▸ Input data
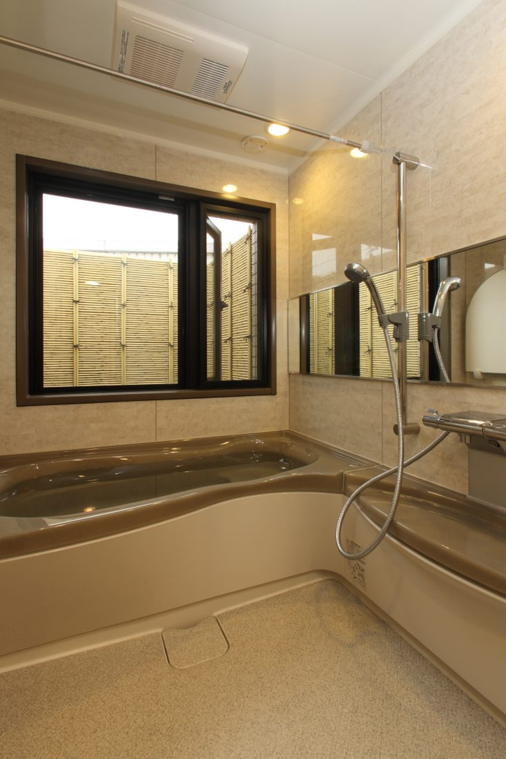 中古住宅を購入してのリフォーム。ポイントのひとつにもなった大きな窓つき浴室は、マンションではなかなか見ることがありません。大きな窓を備えた開放的な浴室に、優雅な曲線を描く浴槽が美しく映えます。
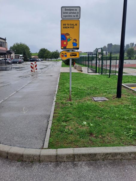 Postavili smo tudi tablo ukrep »Poljubi in odpelji«, na parkirišču za šolo, in sicer kot določena postaja za samostojno aktivno pot do šole.
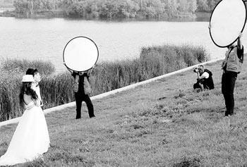 10月21日,記者無意中發現一家婚紗影樓的宣傳海報——婚旅攝影,其概念是組織新人邊去海邊旅游邊拍攝婚紗照。據了解,這家婚紗店是在沈經營多年的一家影樓新開的“主題攝影店”。經營者很前衛,將這個店直接定位為婚旅攝影,拍攝的主要是外景。
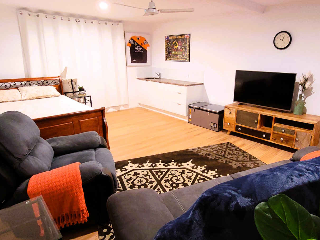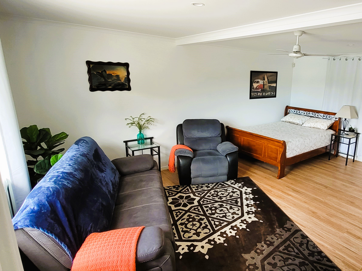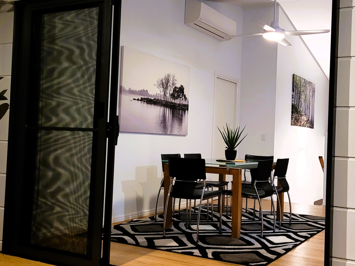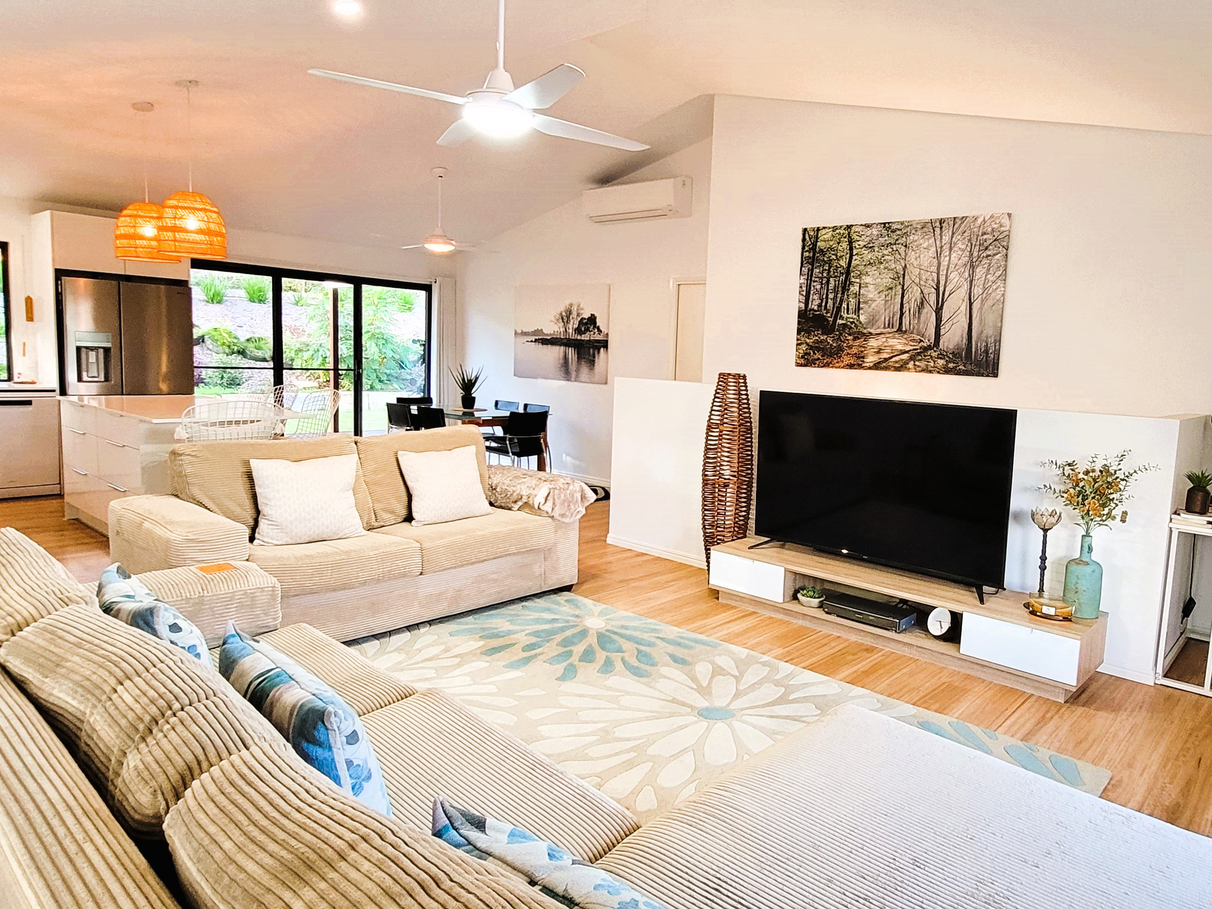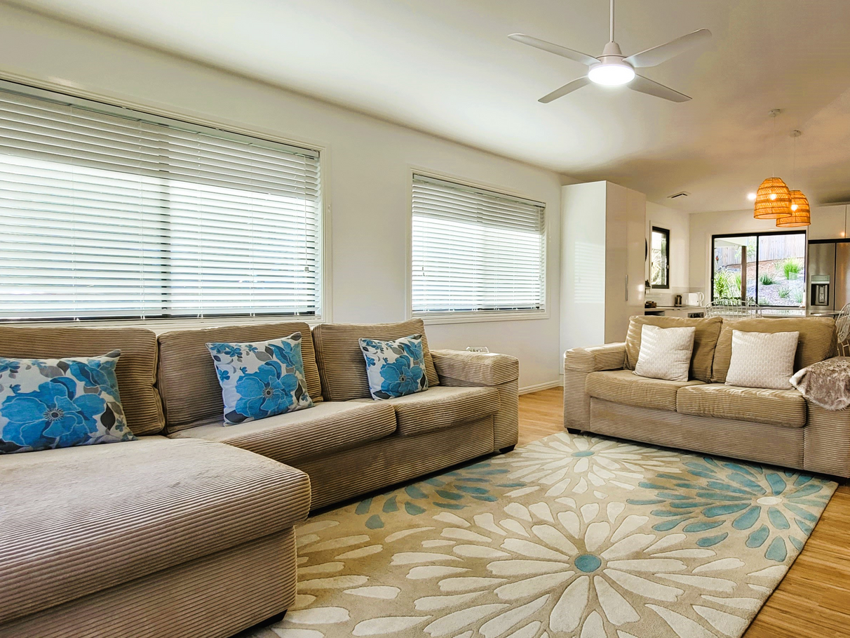 The Living room and Master bedroom both have air-conditioning or open the sliding doors and windows for cross ventilation throughout the house. The walls have insulation and there is insulated sarking on the roof with 2 whirlybirds.
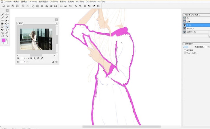 藤:「資料」ウインドウの「スポイト」ツールで、ワンピースの色を拾うことができますよ。それから、作業の途中にファイルを保存するのも忘れないでくださいね。
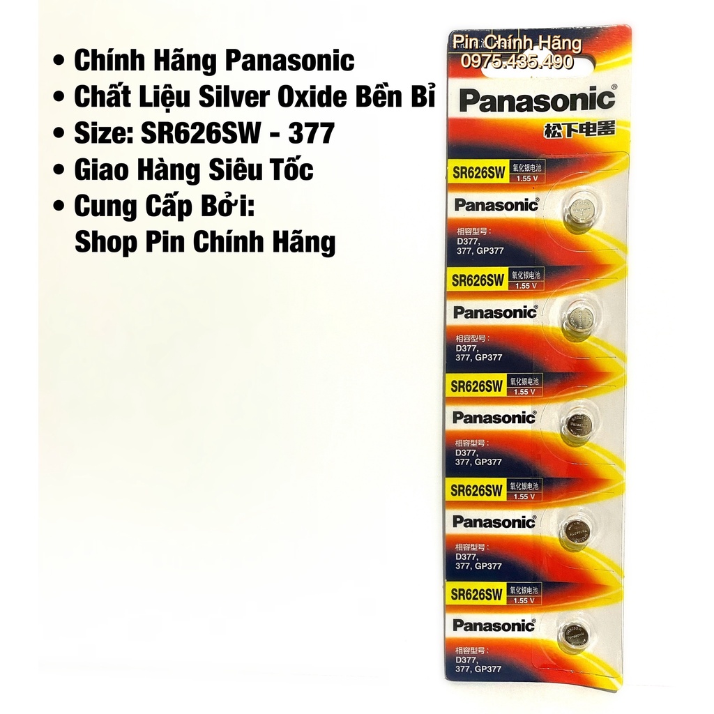 Pin Đồng Hồ Panasonic SR626SW ký hiệu số 377. Sản xuất trên dây chuyền công nghệ Nhật Bản.

▸ What to produce
Using the data above, transcribe exactly the lines between those containing "Postavili smo tudi" and "10月21日,記者無意中發現", inclusive, and leave every picture behind.

▸ Exercise answer
 Postavili smo tudi tablo ukrep »Poljubi in odpelji«, na parkirišču za šolo, in sicer kot določena postaja za samostojno aktivno pot do šole.
 10月21日,記者無意中發現一家婚紗影樓的宣傳海報——婚旅攝影,其概念是組織新人邊去海邊旅游邊拍攝婚紗照。據了解,這家婚紗店是在沈經營多年的一家影樓新開的“主題攝影店”。經營者很前衛,將這個店直接定位為婚旅攝影,拍攝的主要是外景。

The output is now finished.